In 2011, Harvard Business Review published the concept of Creating Shared Value, saying this about the need for business to create greater benefit for the community: 

"Capitalism is an unparalleled vehicle for meeting human needs, improving efficiency, creating jobs, and building wealth. But a narrow conception of capitalism has prevented business from harnessing its full potential to meet society’s broader challenges. The opportunities have been there all along but have been overlooked. Businesses acting as businesses, not as charitable donors, are the most powerful force for addressing the pressing issues we face. The moment for a new conception of capitalism is now; society’s needs are large and growing, while customers, employees, and a new generation of young people are asking business to step up.

The purpose of the corporation must be redefined as creating shared value, not just profit per se. This will drive the next wave of innovation and productivity growth in the global economy. It will also reshape capitalism and its relationship to society. Perhaps most important of all, learning how to create shared value is our best chance to legitimize business again."

The opportunities had not been overlooked, however. Four years earlier , a 'Marshall Plan' proposal had been delivered to the goverment of Ukraine and published in a web magazine. It made much the same argument for a social enterprise development centre, calling on forward thinking businesses to collaborate.

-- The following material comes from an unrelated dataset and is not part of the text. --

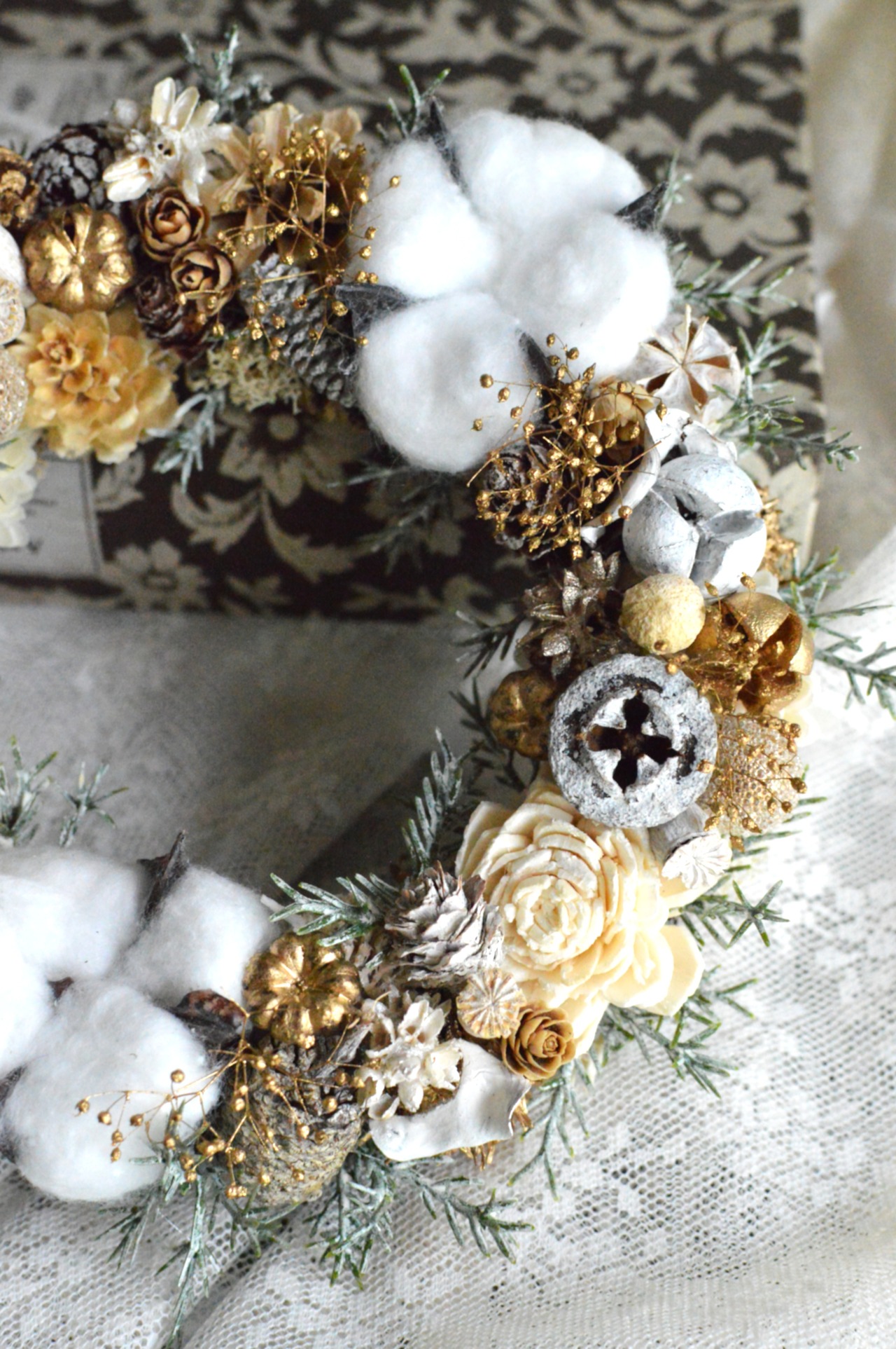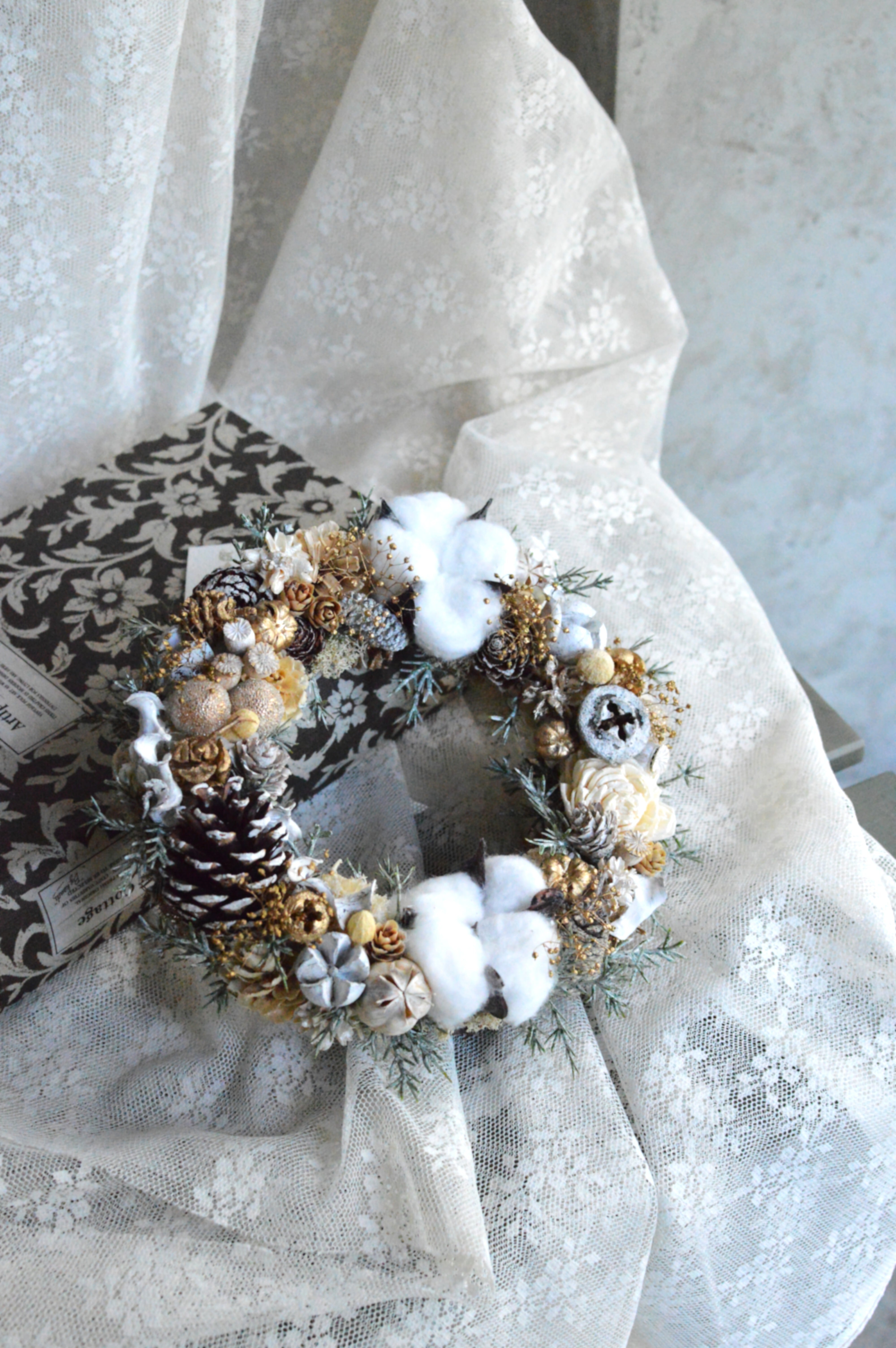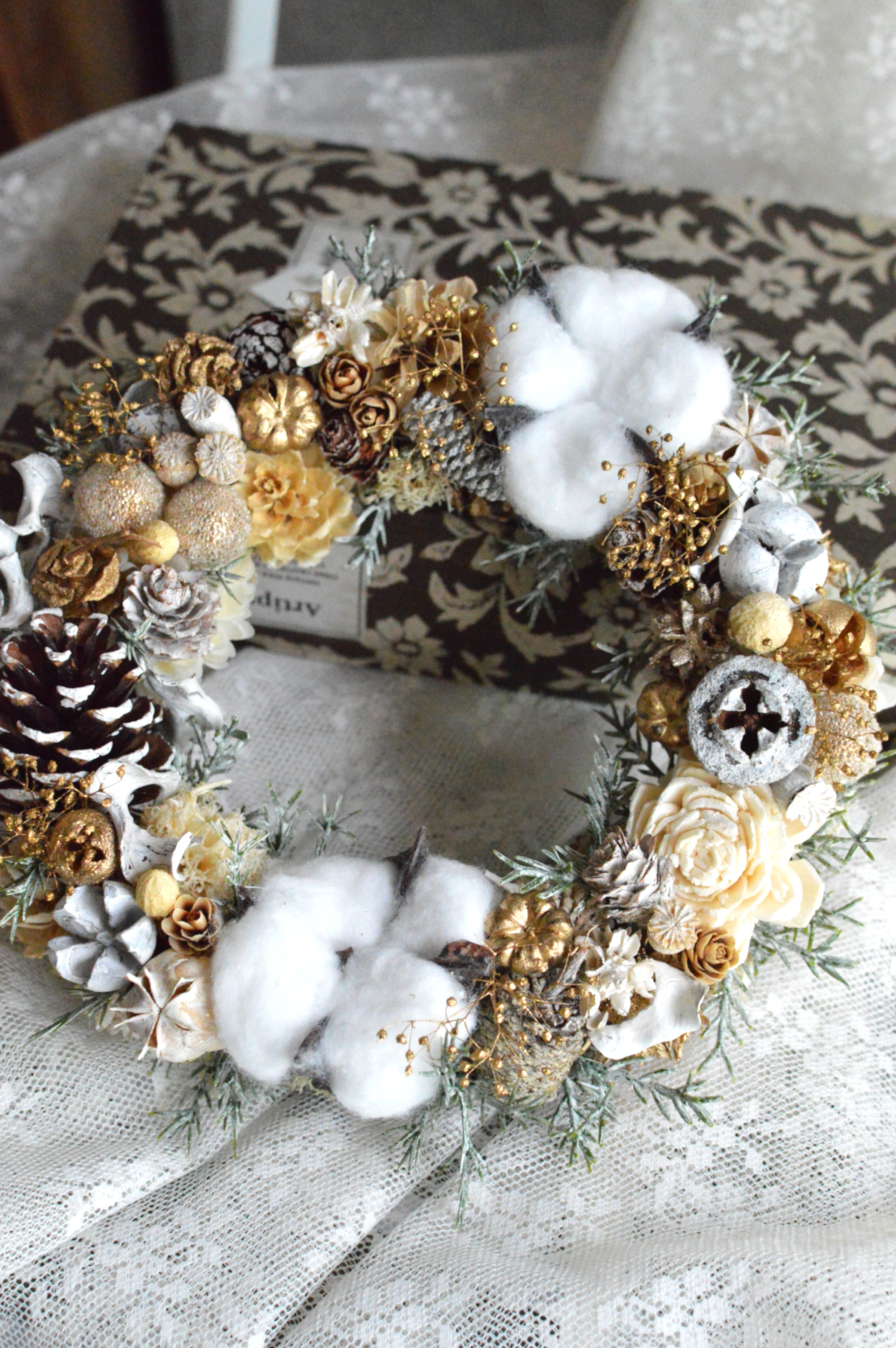 ドライの木の実やアーティフィシャルコットン、ベリー、グリーンを使用して、温かみのあるデザインに仕上げました。白くペイントした木の実やコットンが雪を連想させてくれます。
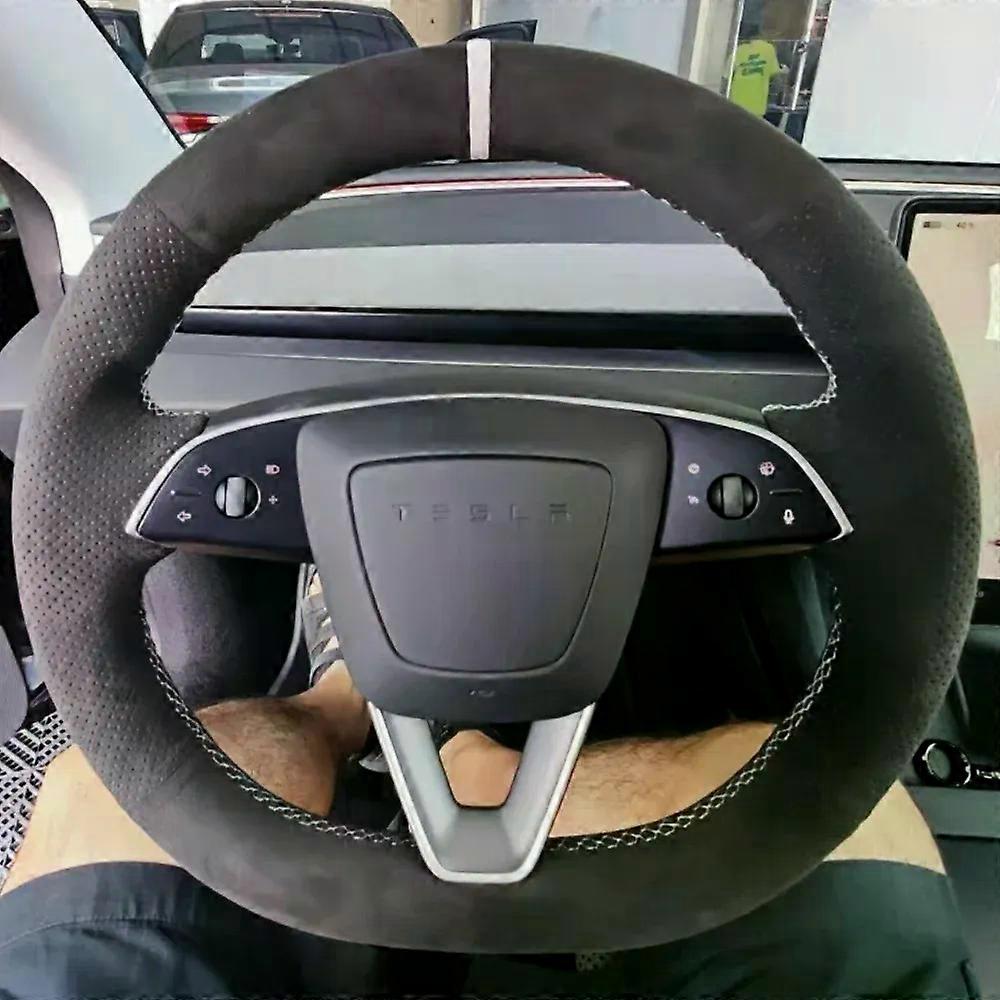unique Custom Car Steering Wheel Cover Anti-Slip And Soft Sueder Leather For Tesla New Model 3 2023 Tesla Highland Avant Steering Wrap

It is almost impossible to overstate the need for social enterprise in Ukraine. The nation is plagued by widespread socioeconomic problems and deficiencies, with a host of disparate, haphazard, uncoordinated efforts aimed at solving them. In order to understand the overwhelming critical need for social enterprise and a formal national center to facilitate social enterprise, an operational definition for social enterprise is essential.

'Enterprise is any organizational activity aimed at a specific output or outcome. Once the output or outcome – the primary objective – is clear, an organization operating to fulfill the objective is by definition an enterprise. Business is the most prominent example of enterprise. A business plan, or organizational map, provides a reference regarding how an organizational scheme will operate to produce a specific outcome: provision of products or services in a way to create profit. Profit in turn is measured numerically in terms of monetary gains, the “bottom line.”

This is the function of classic capitalism, which has proven to be the most powerful economic engine ever devised.

An inherent assumption about capitalism is that profit is defined only in terms of monetary gain. This assumption is virtually unquestioned in most of the world. However, it is not a valid assumption. Business enterprise, capitalism, must be measured in terms of monetary profit. That rule is not arguable. A business enterprise must make monetary profit, or it will merely cease to exist. That is an absolute requirement. But it does not follow that this must necessarily be the final bottom line and the sole aim of the enterprise. How this profit is used is another question. It is commonly assumed that profit will enrich enterprise owners and investors, which in turn gives them incentive to participate financially in the enterprise to start with.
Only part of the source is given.